Streaming chat completions send partial tokens over a single HTTP response instead of waiting for the full output.
This improves perceived latency and enables responsive chat UIs.
Definition
Streaming chat completions
A streaming chat completion is a response delivered incrementally as a sequence of delta chunks rather than one final message.
Why it matters
- Lower time-to-first-token for a better user experience.
- Ability to cancel early once the output is sufficient.
- Smoother progress indicators for long responses.
How it works
- 01Set stream: true in the request body.
- 02Consume chunks from the SDK iterator or the HTTP response stream.

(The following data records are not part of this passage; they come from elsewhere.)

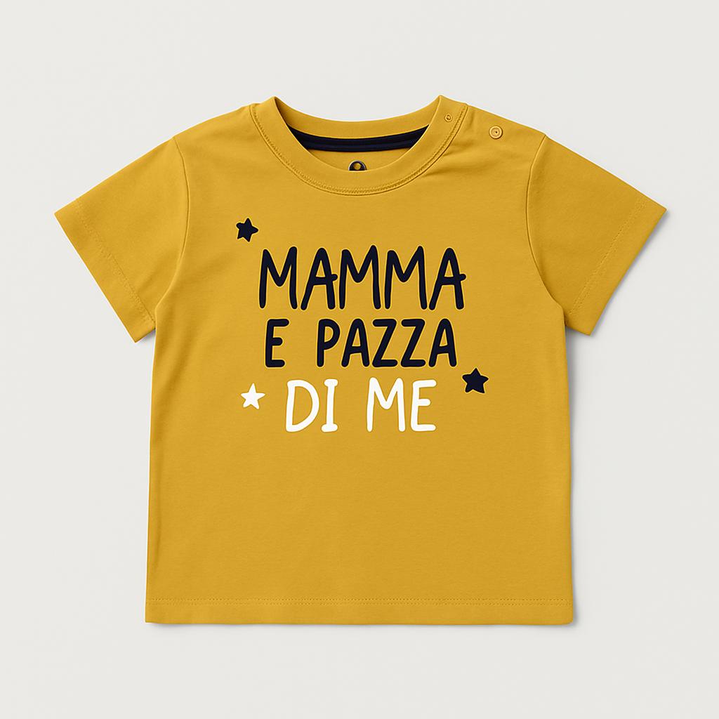Questa simpatica t-shirt gialla è perfetta per il tuo piccolo! Con la scritta "Mamma è pazza di me", trasmette amore e allegria. Realizzata in morbido cotone, offre comfort e libertà di movimento. I dettagli in blu aggiungono un tocco di vivacità, mentre i bottoncini sulla spalla facilitano il cambio. Ideale per ogni occasione, dalla scuola ai giochi all'aperto, è un capo usato ben conservato e pronto a regalare un sorriso! Un must-have per i più piccoli!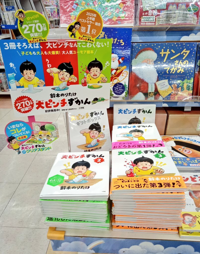 ⛄冬の児童図書まつり⛄ シリーズ累計270万部突破‼️ 2025年上半期ベストセラー総合第1位👑 #鈴木のりたけ 先生の大人気ユーモア絵本『#大ピンチずかん』シリーズをお買い上げの方に、特製クリアスタンドをプレゼント🎁✨ ※ランダム封入となります #小学館 pic.x.com/xYHuukcBJh
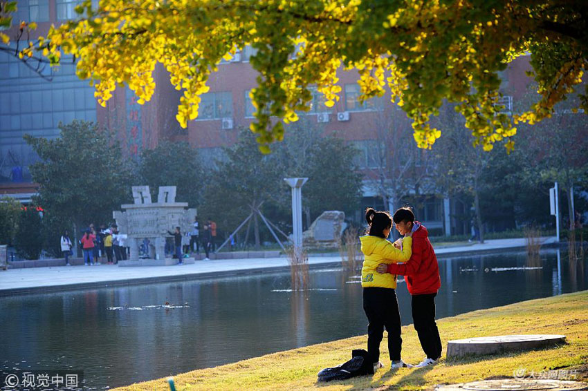 11月5日,位于青島西海岸新區的山東科技大學校園內,銀杏金黃,垂柳依依,大學生們行走在金黃的銀杏樹下和垂柳旁,或者坐在墨水河畔讀書學習、拍照、游玩,金秋如畫的高校校園吸引了不少游客和攝影愛好者前來游玩和拍攝。

- 03Append delta content to build the final message.
Example request
curl -N https://api.abliteration.ai/v1/chat/completions \
-H "Authorization: Bearer $ABLIT_KEY" \
-H "Content-Type: application/json" \
-d '{
"model": "abliterated-model",
"messages": [{"role":"user","content":"Write a short haiku about the ocean."}],
"stream": true
}'FAQ
Frequently asked questions.
Do I need WebSockets to stream?
No. Streaming uses a long-lived HTTP response, so standard HTTPS works.
Can I cancel a stream?
Yes. Close the connection or abort the request to stop generation early.
Does streaming change billing?
No. Usage is still counted by tokens generated and processed.